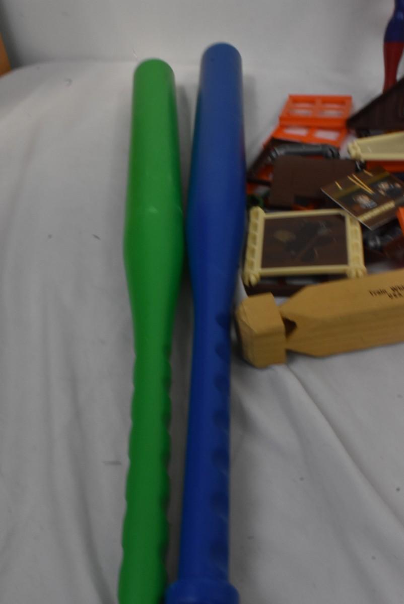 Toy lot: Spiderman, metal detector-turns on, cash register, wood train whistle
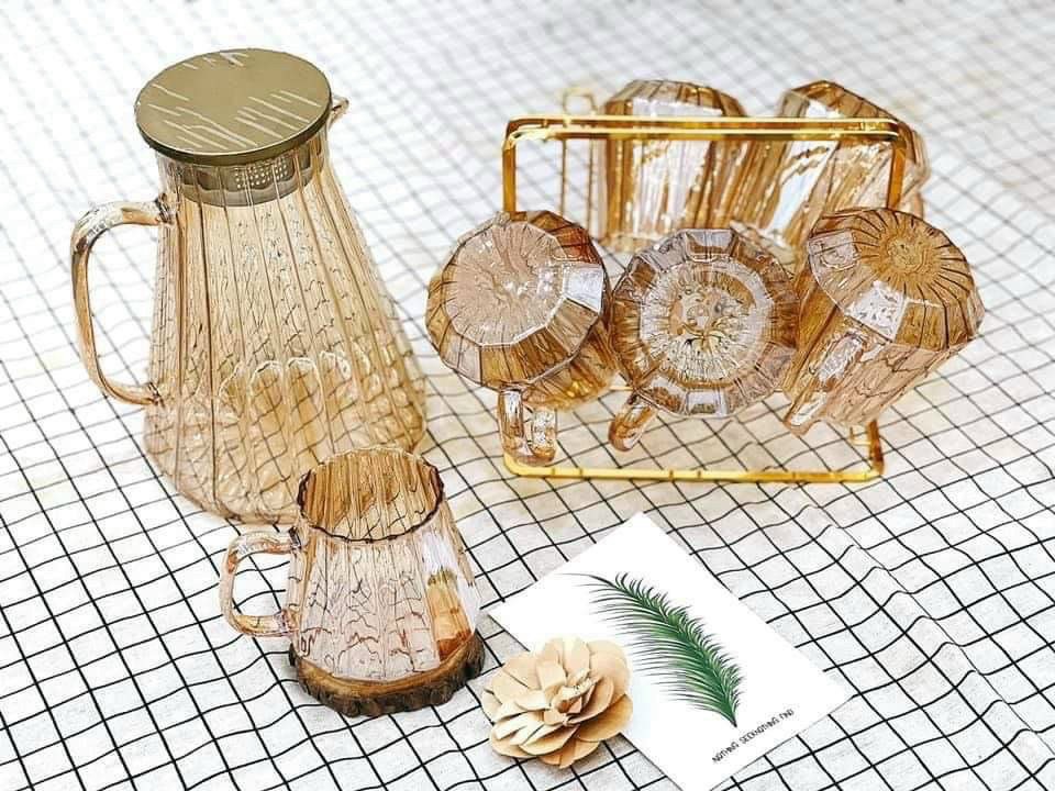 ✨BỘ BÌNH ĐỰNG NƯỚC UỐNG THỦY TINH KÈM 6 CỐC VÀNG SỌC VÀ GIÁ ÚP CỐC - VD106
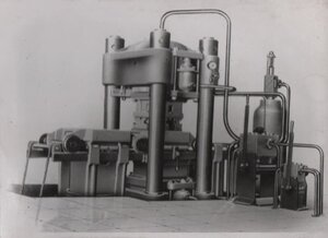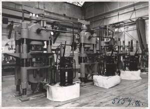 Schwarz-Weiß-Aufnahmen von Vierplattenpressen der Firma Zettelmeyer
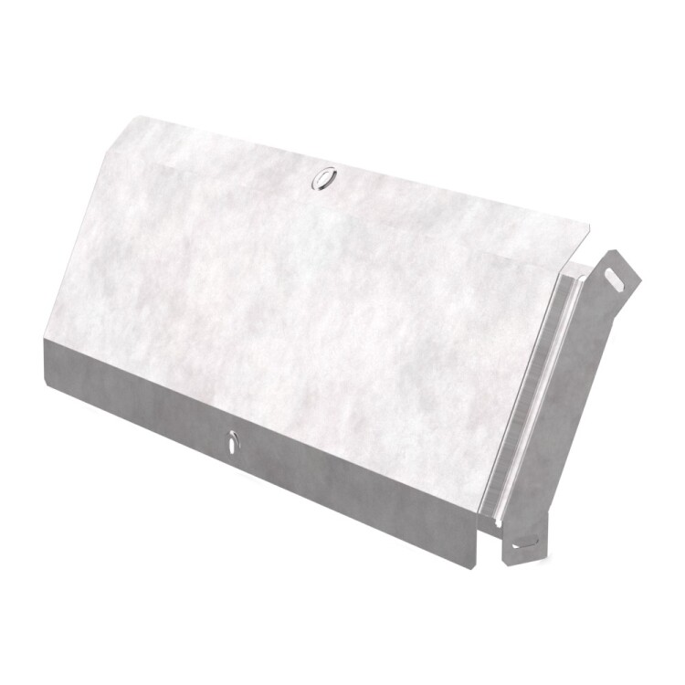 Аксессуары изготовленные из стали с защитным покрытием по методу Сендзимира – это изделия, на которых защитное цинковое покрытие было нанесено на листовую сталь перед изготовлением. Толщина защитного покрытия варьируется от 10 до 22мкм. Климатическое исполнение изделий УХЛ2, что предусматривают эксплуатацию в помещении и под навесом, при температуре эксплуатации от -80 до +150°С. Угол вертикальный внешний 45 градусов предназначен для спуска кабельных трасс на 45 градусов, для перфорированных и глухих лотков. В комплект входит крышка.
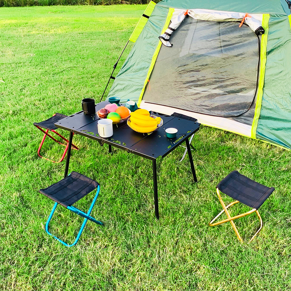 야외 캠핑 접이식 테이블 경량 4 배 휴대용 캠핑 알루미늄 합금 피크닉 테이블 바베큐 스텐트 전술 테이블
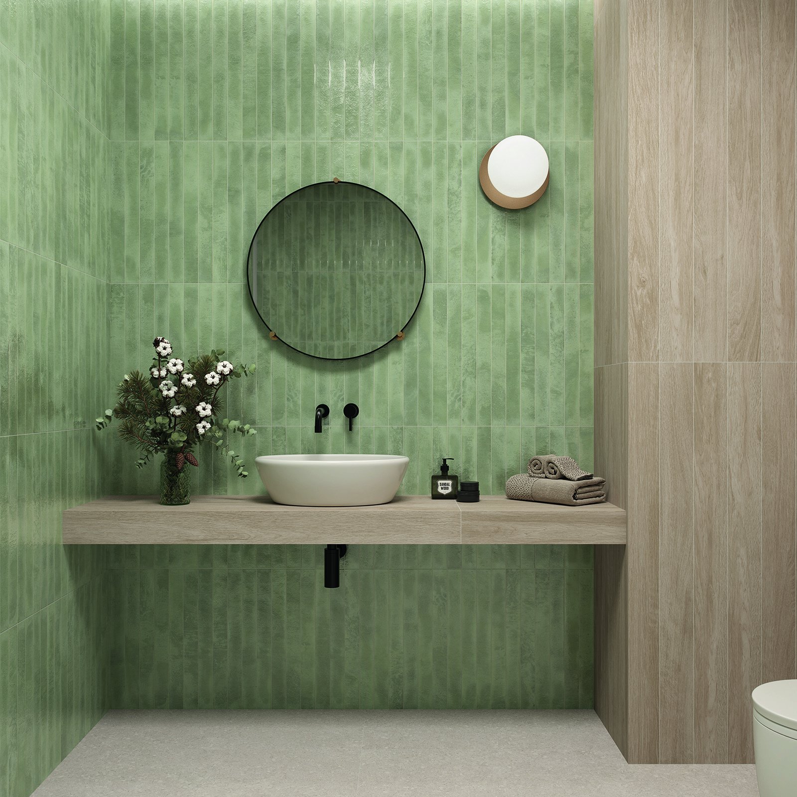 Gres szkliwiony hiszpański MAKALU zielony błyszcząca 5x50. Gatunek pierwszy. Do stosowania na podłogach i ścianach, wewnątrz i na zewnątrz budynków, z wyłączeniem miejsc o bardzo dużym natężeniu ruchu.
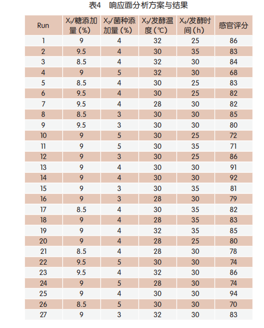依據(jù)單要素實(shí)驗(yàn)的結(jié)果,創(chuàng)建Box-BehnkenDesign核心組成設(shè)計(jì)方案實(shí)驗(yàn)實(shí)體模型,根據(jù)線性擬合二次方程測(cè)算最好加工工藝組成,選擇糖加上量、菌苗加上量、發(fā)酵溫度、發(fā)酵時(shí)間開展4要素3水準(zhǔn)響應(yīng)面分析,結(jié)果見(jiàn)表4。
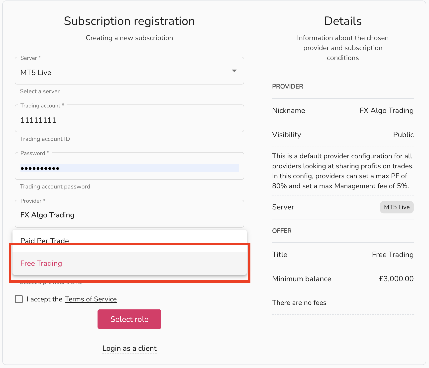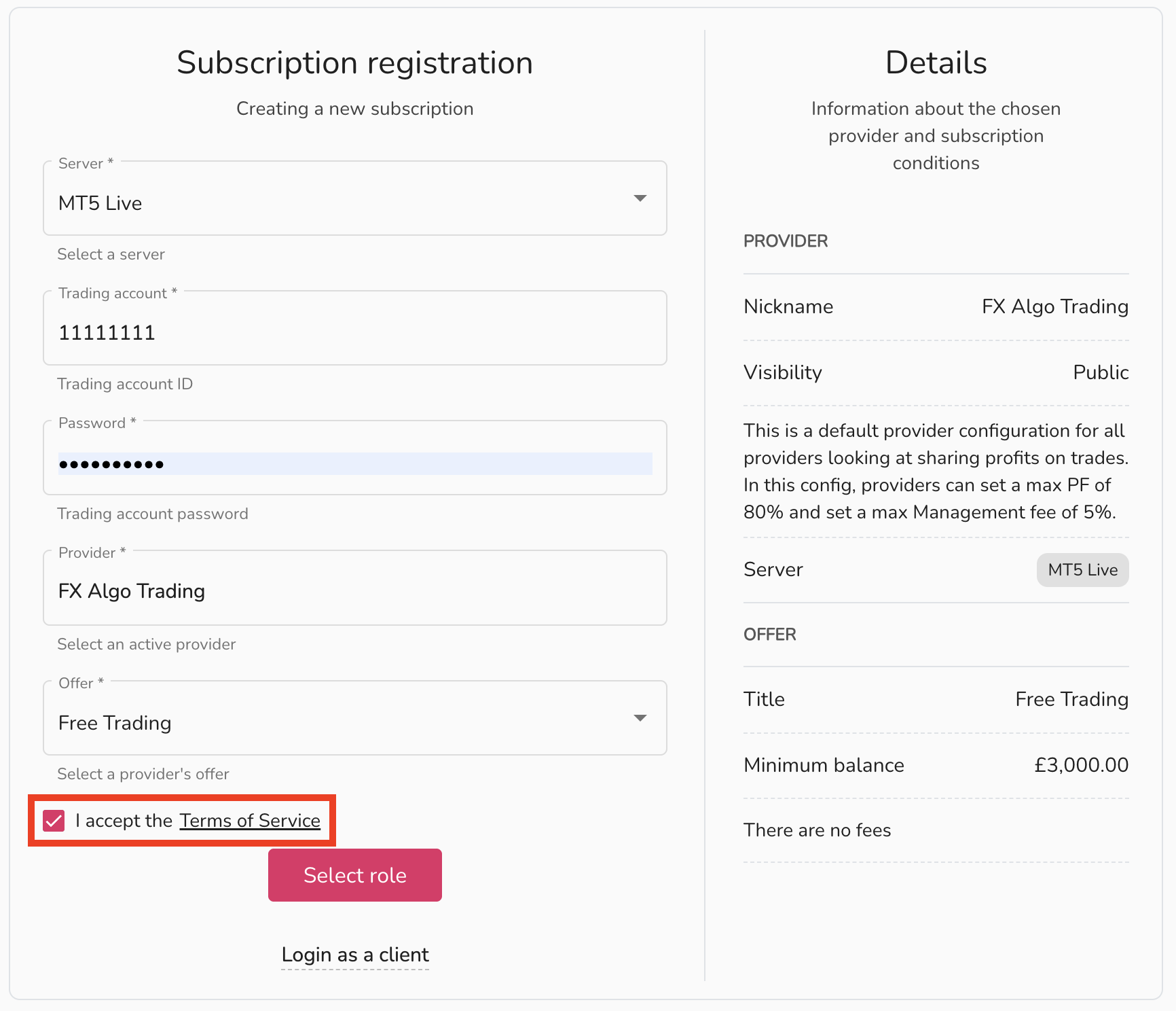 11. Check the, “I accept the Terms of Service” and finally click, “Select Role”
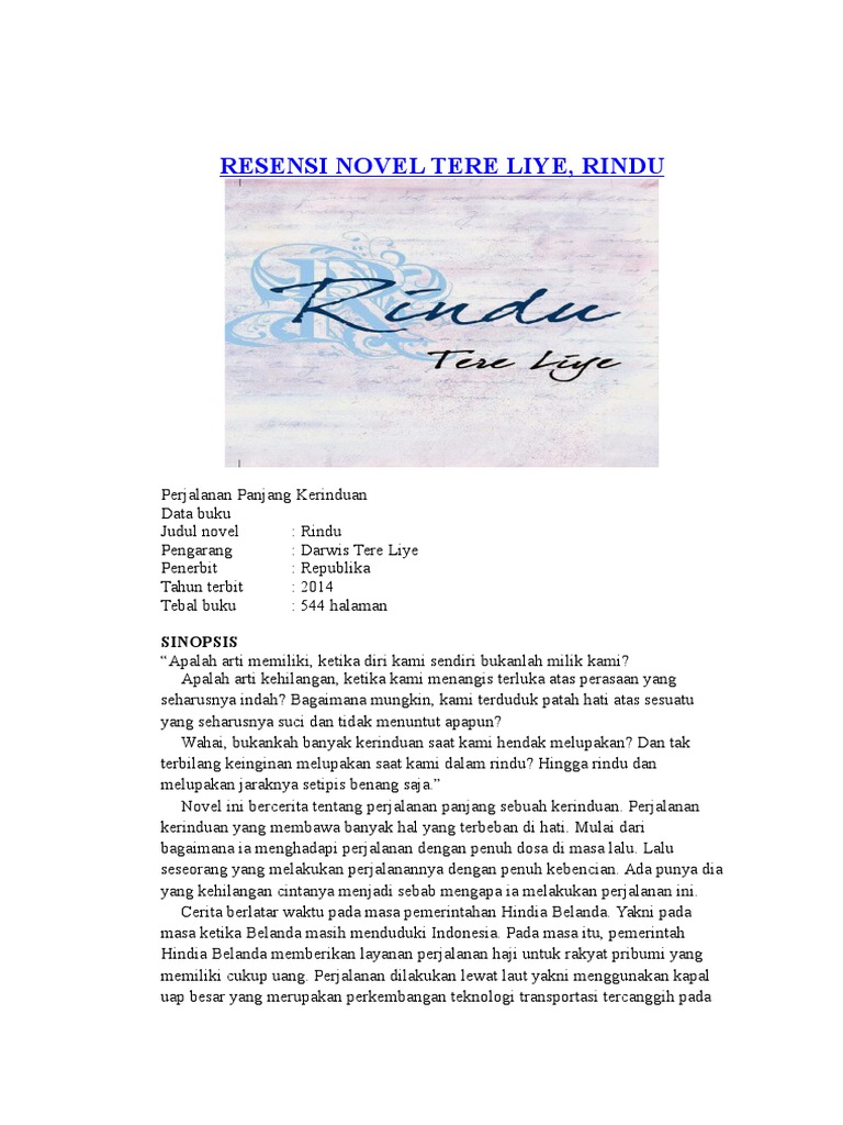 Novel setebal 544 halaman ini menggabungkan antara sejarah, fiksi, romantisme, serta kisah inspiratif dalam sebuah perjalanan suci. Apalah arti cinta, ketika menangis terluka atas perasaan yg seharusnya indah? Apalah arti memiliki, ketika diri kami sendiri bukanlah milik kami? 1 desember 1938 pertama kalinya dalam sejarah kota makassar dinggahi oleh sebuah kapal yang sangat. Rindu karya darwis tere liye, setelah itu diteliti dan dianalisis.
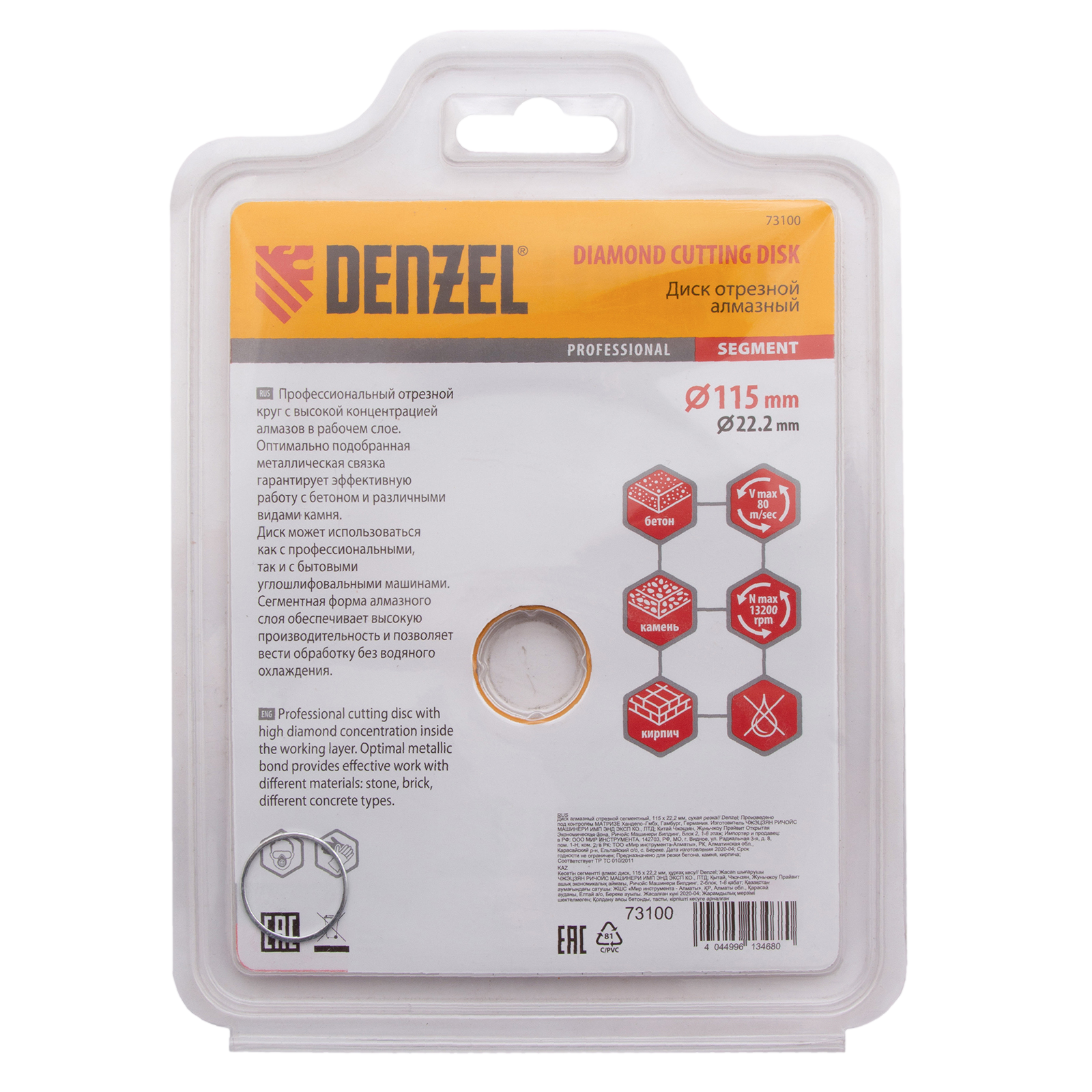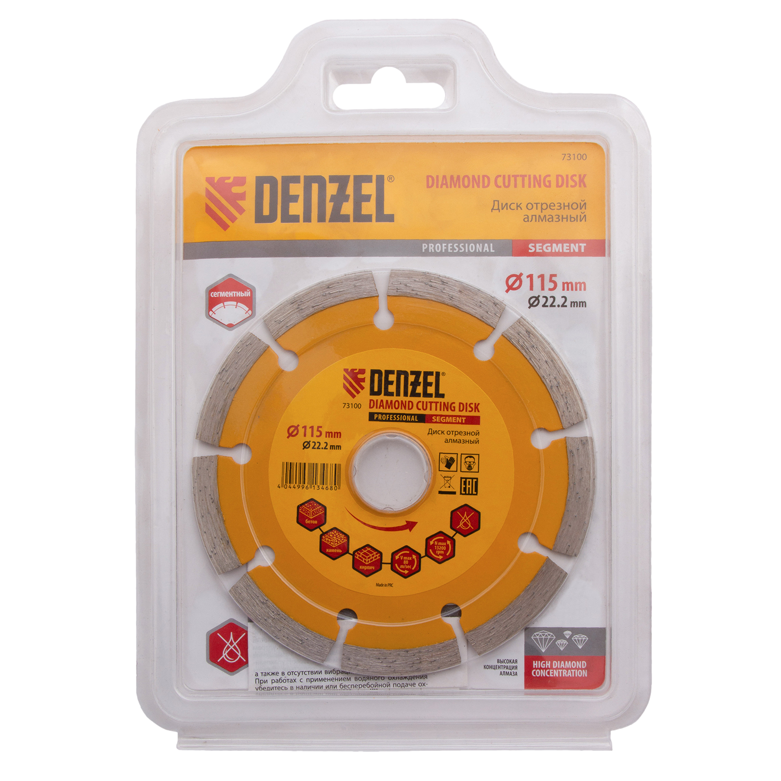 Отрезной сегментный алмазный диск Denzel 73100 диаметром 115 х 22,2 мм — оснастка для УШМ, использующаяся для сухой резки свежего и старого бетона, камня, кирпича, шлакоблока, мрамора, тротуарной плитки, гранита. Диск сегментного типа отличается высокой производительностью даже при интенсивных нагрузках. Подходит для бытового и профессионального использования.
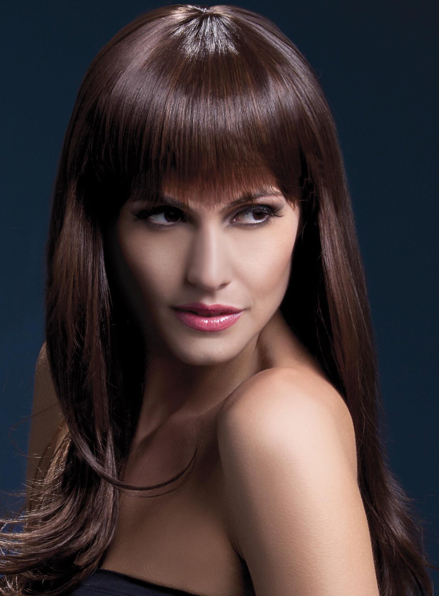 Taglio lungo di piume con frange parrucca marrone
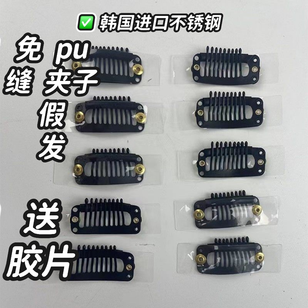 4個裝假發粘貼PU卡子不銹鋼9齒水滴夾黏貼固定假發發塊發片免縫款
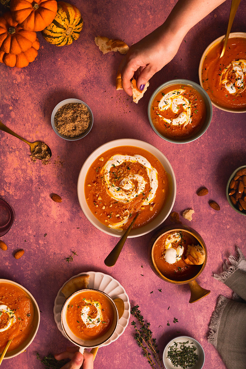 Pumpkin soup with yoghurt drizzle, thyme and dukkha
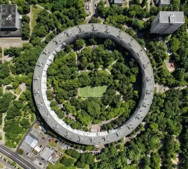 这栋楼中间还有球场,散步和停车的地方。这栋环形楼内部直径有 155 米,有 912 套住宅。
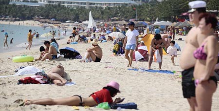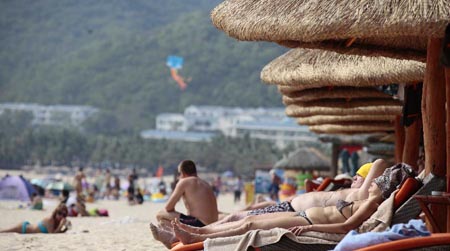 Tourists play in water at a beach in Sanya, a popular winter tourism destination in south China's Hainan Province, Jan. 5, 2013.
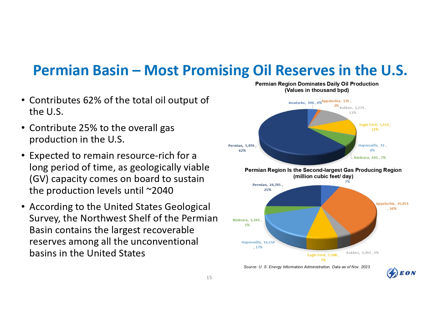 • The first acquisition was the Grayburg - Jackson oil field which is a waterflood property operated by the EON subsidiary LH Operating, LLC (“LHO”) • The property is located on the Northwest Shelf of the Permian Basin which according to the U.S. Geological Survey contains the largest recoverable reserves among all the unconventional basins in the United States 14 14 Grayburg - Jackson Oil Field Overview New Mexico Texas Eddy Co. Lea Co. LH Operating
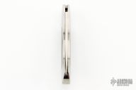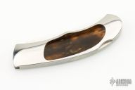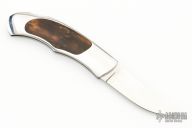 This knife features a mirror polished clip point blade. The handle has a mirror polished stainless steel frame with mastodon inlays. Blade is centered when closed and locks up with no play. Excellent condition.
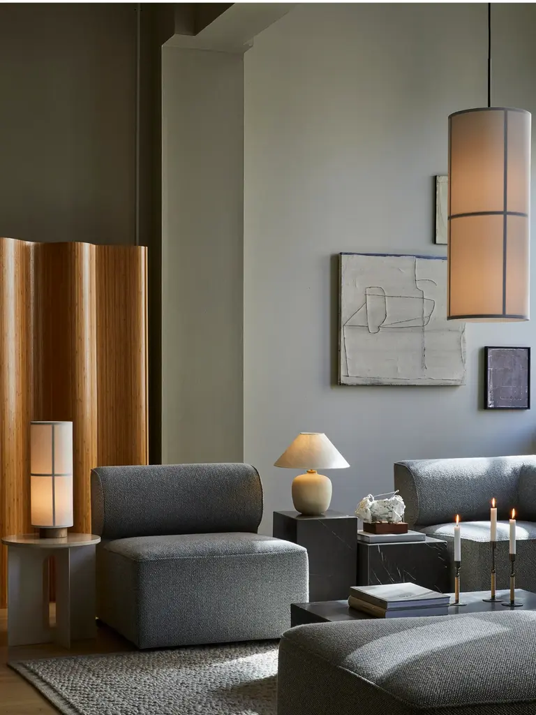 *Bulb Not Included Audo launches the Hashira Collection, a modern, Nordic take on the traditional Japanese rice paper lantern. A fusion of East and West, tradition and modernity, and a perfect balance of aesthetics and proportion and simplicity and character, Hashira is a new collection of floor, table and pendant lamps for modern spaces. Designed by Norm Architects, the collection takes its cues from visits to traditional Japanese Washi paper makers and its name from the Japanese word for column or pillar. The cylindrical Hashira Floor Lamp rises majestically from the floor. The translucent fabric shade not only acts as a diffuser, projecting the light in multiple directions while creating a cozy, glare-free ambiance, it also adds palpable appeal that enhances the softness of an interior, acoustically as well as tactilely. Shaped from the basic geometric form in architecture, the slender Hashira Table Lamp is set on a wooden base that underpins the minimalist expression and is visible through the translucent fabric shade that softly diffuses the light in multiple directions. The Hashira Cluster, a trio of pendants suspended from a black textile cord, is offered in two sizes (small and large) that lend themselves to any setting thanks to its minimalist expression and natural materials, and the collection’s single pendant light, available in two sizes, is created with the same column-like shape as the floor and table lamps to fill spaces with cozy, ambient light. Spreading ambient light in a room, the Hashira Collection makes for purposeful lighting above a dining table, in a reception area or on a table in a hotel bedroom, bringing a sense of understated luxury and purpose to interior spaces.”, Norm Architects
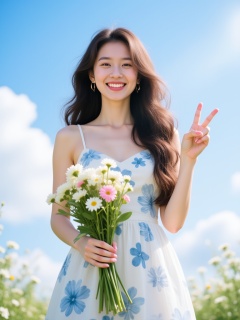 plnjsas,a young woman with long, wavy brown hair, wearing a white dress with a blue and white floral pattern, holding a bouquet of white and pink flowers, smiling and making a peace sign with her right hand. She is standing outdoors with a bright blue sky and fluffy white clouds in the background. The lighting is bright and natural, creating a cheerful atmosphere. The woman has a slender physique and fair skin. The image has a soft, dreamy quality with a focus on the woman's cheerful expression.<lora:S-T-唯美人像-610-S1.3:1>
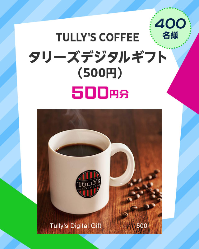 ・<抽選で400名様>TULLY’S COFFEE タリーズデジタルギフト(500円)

= = =

(Exercise goal)
Exactly the lines from the start of the entries above through the line with "accept the Terms" should be reproduced, and nothing else; drop the pictures.

(Answer space)
 Toy lot: Spiderman, metal detector-turns on, cash register, wood train whistle
 ✨BỘ BÌNH ĐỰNG NƯỚC UỐNG THỦY TINH KÈM 6 CỐC VÀNG SỌC VÀ GIÁ ÚP CỐC - VD106
 Schwarz-Weiß-Aufnahmen von Vierplattenpressen der Firma Zettelmeyer
 Аксессуары изготовленные из стали с защитным покрытием по методу Сендзимира – это изделия, на которых защитное цинковое покрытие было нанесено на листовую сталь перед изготовлением. Толщина защитного покрытия варьируется от 10 до 22мкм. Климатическое исполнение изделий УХЛ2, что предусматривают эксплуатацию в помещении и под навесом, при температуре эксплуатации от -80 до +150°С. Угол вертикальный внешний 45 градусов предназначен для спуска кабельных трасс на 45 градусов, для перфорированных и глухих лотков. В комплект входит крышка.
 야외 캠핑 접이식 테이블 경량 4 배 휴대용 캠핑 알루미늄 합금 피크닉 테이블 바베큐 스텐트 전술 테이블
 Gres szkliwiony hiszpański MAKALU zielony błyszcząca 5x50. Gatunek pierwszy. Do stosowania na podłogach i ścianach, wewnątrz i na zewnątrz budynków, z wyłączeniem miejsc o bardzo dużym natężeniu ruchu.
依據(jù)單要素實(shí)驗(yàn)的結(jié)果,創(chuàng)建Box-BehnkenDesign核心組成設(shè)計(jì)方案實(shí)驗(yàn)實(shí)體模型,根據(jù)線性擬合二次方程測(cè)算最好加工工藝組成,選擇糖加上量、菌苗加上量、發(fā)酵溫度、發(fā)酵時(shí)間開展4要素3水準(zhǔn)響應(yīng)面分析,結(jié)果見(jiàn)表4。
 11. Check the, “I accept the Terms of Service” and finally click, “Select Role”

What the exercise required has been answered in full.